**Activity**
Output exactly the lines that run from the start of the records to the line with "Sort lædersandal med", counting both ends, and skip the pictures.

**Records provided**
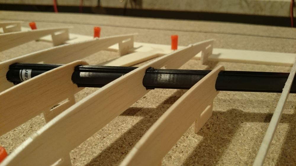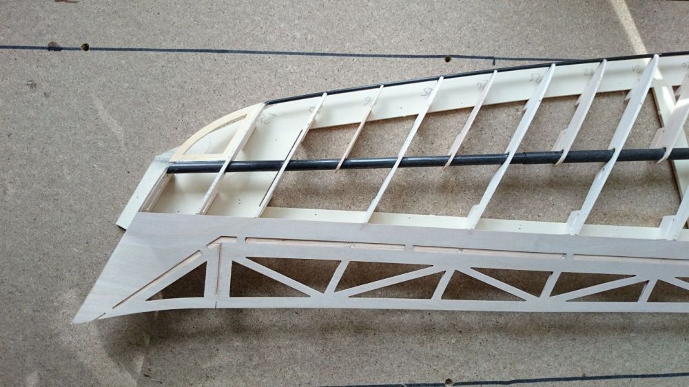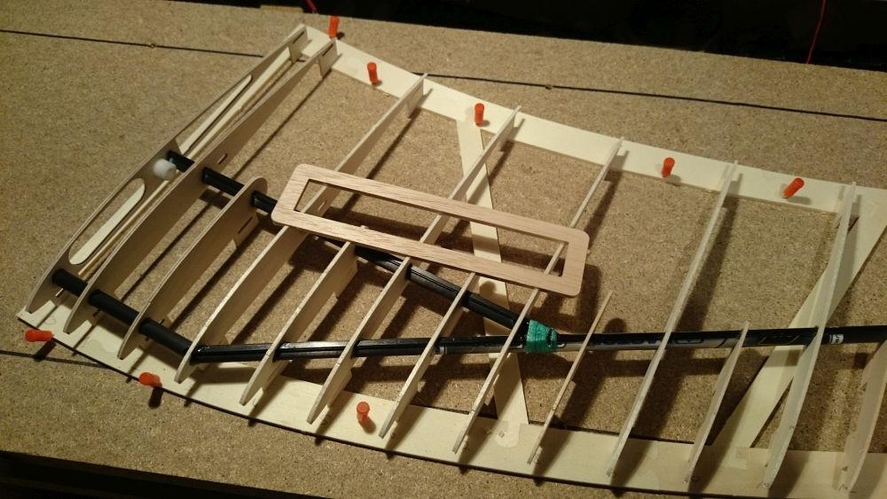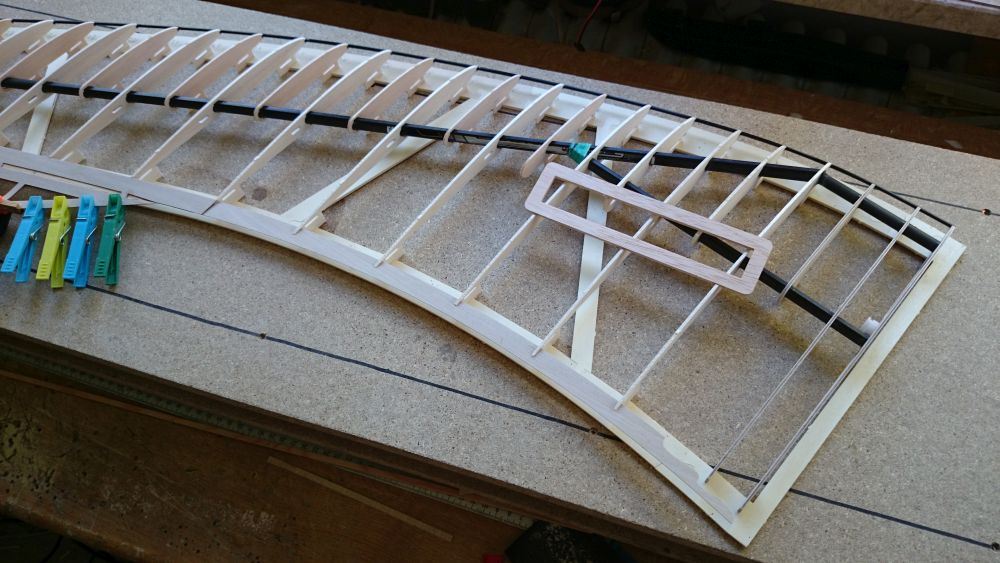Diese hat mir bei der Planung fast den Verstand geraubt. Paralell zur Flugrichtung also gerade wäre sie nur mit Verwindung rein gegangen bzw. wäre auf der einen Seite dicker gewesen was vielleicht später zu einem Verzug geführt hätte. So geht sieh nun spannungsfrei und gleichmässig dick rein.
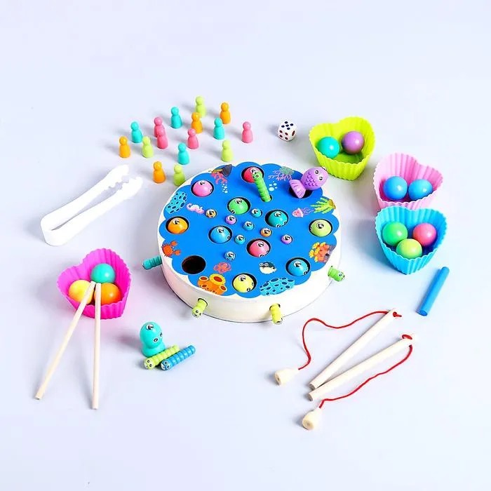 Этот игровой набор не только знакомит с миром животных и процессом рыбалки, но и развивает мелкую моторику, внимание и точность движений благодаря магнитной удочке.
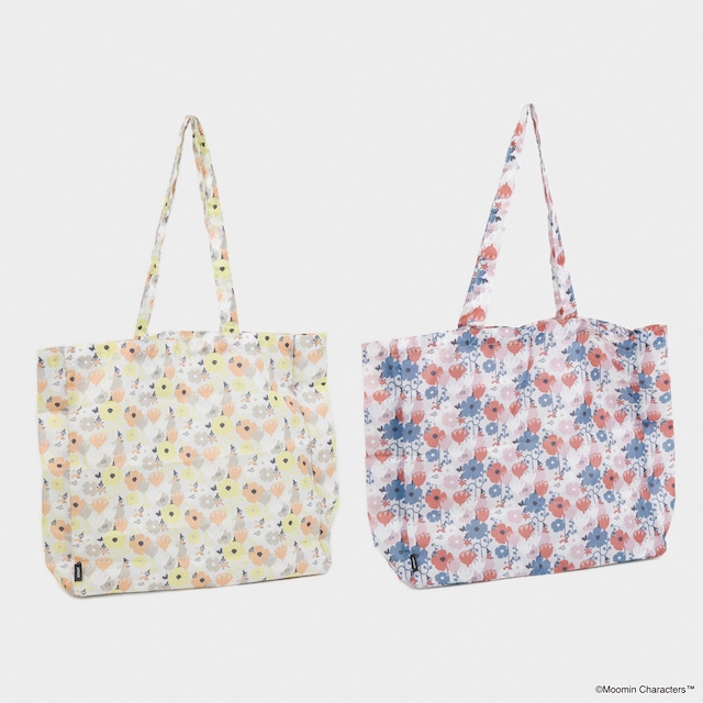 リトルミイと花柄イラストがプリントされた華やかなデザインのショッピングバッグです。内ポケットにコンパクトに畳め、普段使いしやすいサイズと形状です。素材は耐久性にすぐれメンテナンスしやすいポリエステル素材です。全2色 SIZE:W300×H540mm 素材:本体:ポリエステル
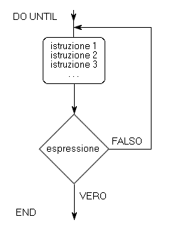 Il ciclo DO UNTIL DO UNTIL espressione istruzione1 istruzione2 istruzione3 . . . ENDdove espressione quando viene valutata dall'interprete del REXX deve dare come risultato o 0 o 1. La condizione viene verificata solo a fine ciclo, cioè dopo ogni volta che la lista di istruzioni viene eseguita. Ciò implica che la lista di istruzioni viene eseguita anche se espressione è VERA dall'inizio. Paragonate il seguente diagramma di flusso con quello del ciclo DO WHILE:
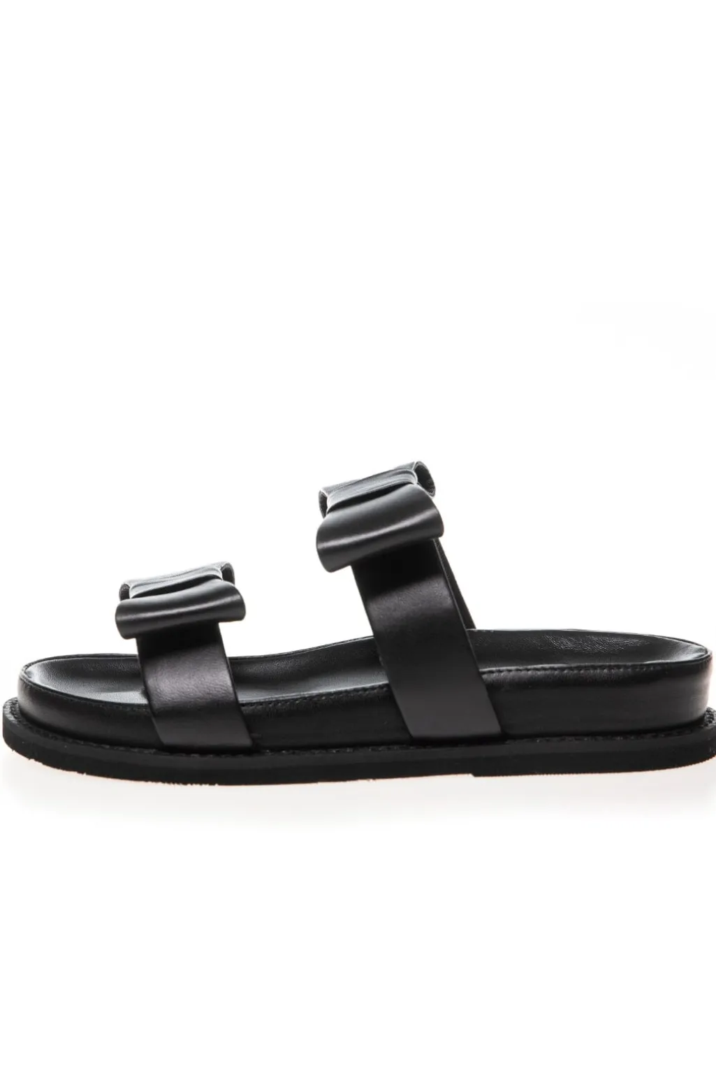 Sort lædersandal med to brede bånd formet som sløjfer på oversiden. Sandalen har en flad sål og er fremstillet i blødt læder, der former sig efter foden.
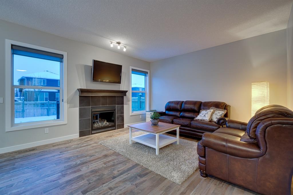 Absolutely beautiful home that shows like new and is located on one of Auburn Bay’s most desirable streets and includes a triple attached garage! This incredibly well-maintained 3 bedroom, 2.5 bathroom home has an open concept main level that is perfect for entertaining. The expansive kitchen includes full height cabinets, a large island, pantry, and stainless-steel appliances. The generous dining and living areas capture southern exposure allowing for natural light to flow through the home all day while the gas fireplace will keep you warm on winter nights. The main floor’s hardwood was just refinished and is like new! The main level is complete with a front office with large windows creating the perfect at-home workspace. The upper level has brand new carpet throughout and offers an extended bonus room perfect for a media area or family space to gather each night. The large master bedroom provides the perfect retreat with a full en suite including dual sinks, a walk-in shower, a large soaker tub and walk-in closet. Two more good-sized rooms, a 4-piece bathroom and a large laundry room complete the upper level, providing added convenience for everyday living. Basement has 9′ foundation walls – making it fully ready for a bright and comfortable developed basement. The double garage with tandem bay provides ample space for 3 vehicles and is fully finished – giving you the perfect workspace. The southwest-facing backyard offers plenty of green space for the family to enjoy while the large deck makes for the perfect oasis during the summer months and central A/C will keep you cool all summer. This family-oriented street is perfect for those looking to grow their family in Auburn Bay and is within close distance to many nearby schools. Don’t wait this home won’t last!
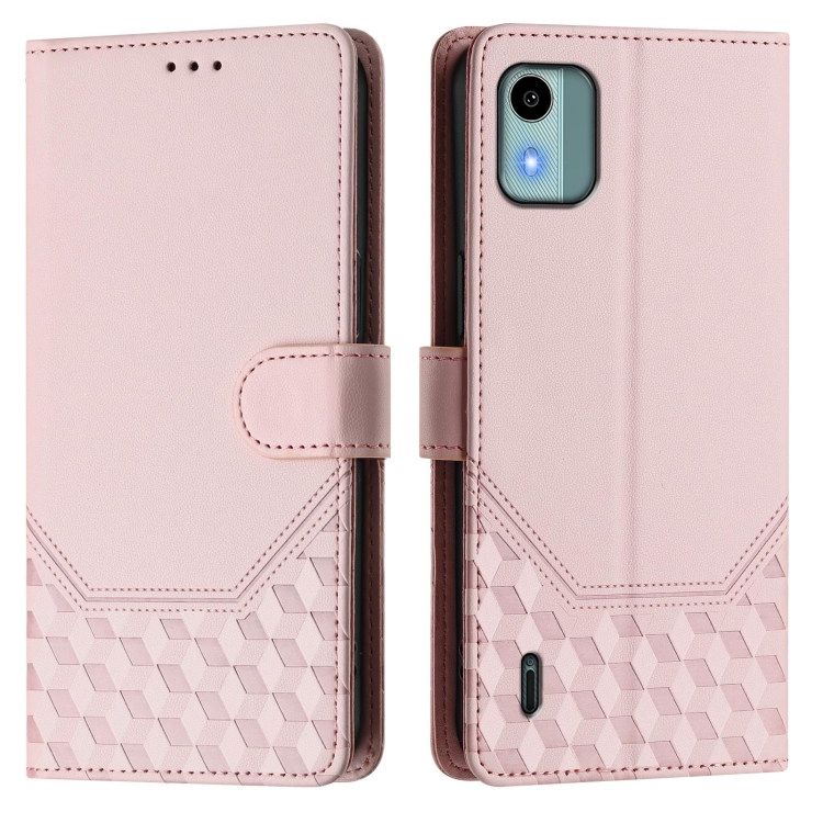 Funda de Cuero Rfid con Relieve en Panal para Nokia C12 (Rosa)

**Solution for this task**
Diese hat mir bei der Planung fast den Verstand geraubt. Paralell zur Flugrichtung also gerade wäre sie nur mit Verwindung rein gegangen bzw. wäre auf der einen Seite dicker gewesen was vielleicht später zu einem Verzug geführt hätte. So geht sieh nun spannungsfrei und gleichmässig dick rein.
 Этот игровой набор не только знакомит с миром животных и процессом рыбалки, но и развивает мелкую моторику, внимание и точность движений благодаря магнитной удочке.
 リトルミイと花柄イラストがプリントされた華やかなデザインのショッピングバッグです。内ポケットにコンパクトに畳め、普段使いしやすいサイズと形状です。素材は耐久性にすぐれメンテナンスしやすいポリエステル素材です。全2色 SIZE:W300×H540mm 素材:本体:ポリエステル
 Il ciclo DO UNTIL DO UNTIL espressione istruzione1 istruzione2 istruzione3 . . . ENDdove espressione quando viene valutata dall'interprete del REXX deve dare come risultato o 0 o 1. La condizione viene verificata solo a fine ciclo, cioè dopo ogni volta che la lista di istruzioni viene eseguita. Ciò implica che la lista di istruzioni viene eseguita anche se espressione è VERA dall'inizio. Paragonate il seguente diagramma di flusso con quello del ciclo DO WHILE:
 Sort lædersandal med to brede bånd formet som sløjfer på oversiden. Sandalen har en flad sål og er fremstillet i blødt læder, der former sig efter foden.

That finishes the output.